DIRECTIONS FOR THIS TASK:
For this exercise, output the entries below exactly from the line that holds "鹿児島 「松野下蒲鉾」 真空さつま揚げ詰合せ" to the line that holds "이번에 출시한 가그린", both ends included. No pictures belong in the copy.

Stored data entries
====

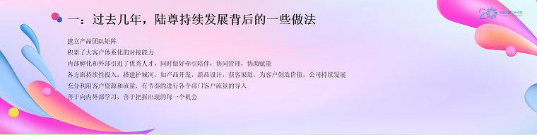 第一部分,過去幾年,陸尊持續發展背後的一些(xiē)做(zuò)法;
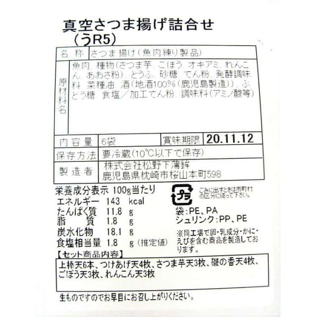 鹿児島 「松野下蒲鉾」 真空さつま揚げ詰合せ 上棒天6本 つけあげ天4枚 さつま芋天3枚 ごぼう天3枚 れんこん天3枚 磯の香天4枚 お歳暮 お中元 お土産 ご進物 ギフト 6850001
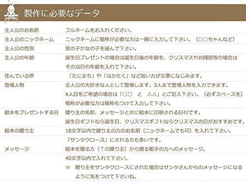 - ご注文後に絵本の製作に必要なデータ一覧をメールでお知らせします。返信する形でデータを送信してください。お届け日指定のお客様は早めの送信をお願いします。
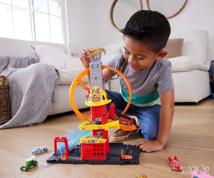 Hot Wheels™ City пожарна станция празнува любимото на децата място с многостепенна, регулируема примка, която задвижва колите през станцията и надолу по подобна на вода полупрозрачна рампа. Базата разполага с вълнуващи детайли за игра, които вдъхновяват креативното разказване на истории и конектори за свързване с други комплекти Hot Wheels. Всеки се продава отделно, според наличността. Включена е една пожарна кола Hot Wheels. Цветовете и декорациите могат да варират.
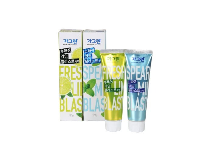 이번에 출시한 가그린 블라스트 치약은 ‘후레시 라임 블라스트’와 ‘스피아 민트 블라스트’ 총 2종이다. 치태 제거 효과가 있는 이산화규소, 충치예방 효과가 있는 플루오르화나트륨(불소) 등이 함유됐다.
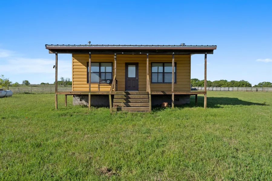 Completely renovated single room, never been lived in open concept cabin has a full kitchen has new appliances, propane cook top, microwave with center island bar seating great for entertaining, with a full bath. The propane cast iron fireplace stove keeps the cabin warm and cozy. The metal shed could be used for storage, farm equipment, livestock stalls, chicken coop to name a few, just use your imagination. The cabin and shed sit on 3 + acres with additional approximately 82 acres and the remaining 8 acres are across the road. The property across the road has a natural spring creek that runs the length of the entire property, magnificent Live Oak, Spanish Oak and Pecan trees scattered throughout the property, thick in some areas. The creek has rock boulders that line the creek in a few places. Property is fenced on three sides, not across the front. Abundant wildlife, a couple of honey bee hives were noticed in the balls of the larger trees. These could be relocated by a professional or set up your own beehives for honey. A trinity water well supplies excellent water to the cabin and the front side pasture. COOP Electricity provides electricity to the well, cattle pens, shed and cabin. Come view today!
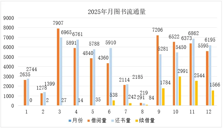 2025年共有7085人去图书馆借书,总借阅量为64839册。其中本科生借阅量为22004册,研究生借阅量为34706册,约占总借阅量的54%。人均借阅量方面,本科生人均借阅量1.16册,研究生人均借阅量2.42册。
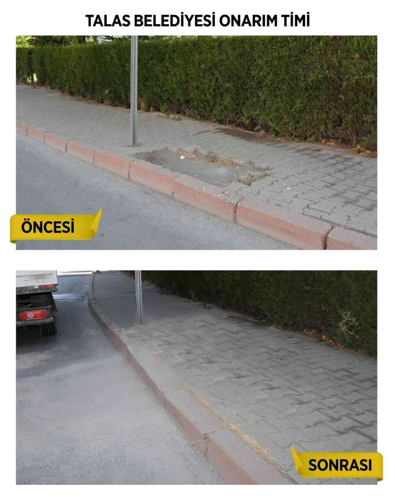 Talas Belediye Başkanı Mustafa Yalçın tarafından basit bakım-onarım işlerini yerine getirmek amacıyla hayata geçirilen ‘Onarım Timi’ 2 haftada 100’den fazla onarım çalışması gerçekleştirdi.
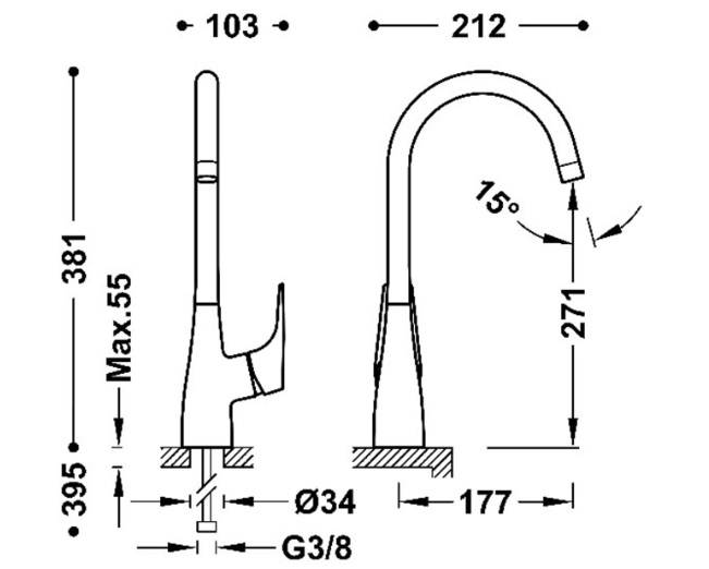 - Підведення: G ⅜

====

RESULT OF THIS TASK:
 鹿児島 「松野下蒲鉾」 真空さつま揚げ詰合せ 上棒天6本 つけあげ天4枚 さつま芋天3枚 ごぼう天3枚 れんこん天3枚 磯の香天4枚 お歳暮 お中元 お土産 ご進物 ギフト 6850001
 - ご注文後に絵本の製作に必要なデータ一覧をメールでお知らせします。返信する形でデータを送信してください。お届け日指定のお客様は早めの送信をお願いします。
 Hot Wheels™ City пожарна станция празнува любимото на децата място с многостепенна, регулируема примка, която задвижва колите през станцията и надолу по подобна на вода полупрозрачна рампа. Базата разполага с вълнуващи детайли за игра, които вдъхновяват креативното разказване на истории и конектори за свързване с други комплекти Hot Wheels. Всеки се продава отделно, според наличността. Включена е една пожарна кола Hot Wheels. Цветовете и декорациите могат да варират.
 이번에 출시한 가그린 블라스트 치약은 ‘후레시 라임 블라스트’와 ‘스피아 민트 블라스트’ 총 2종이다. 치태 제거 효과가 있는 이산화규소, 충치예방 효과가 있는 플루오르화나트륨(불소) 등이 함유됐다.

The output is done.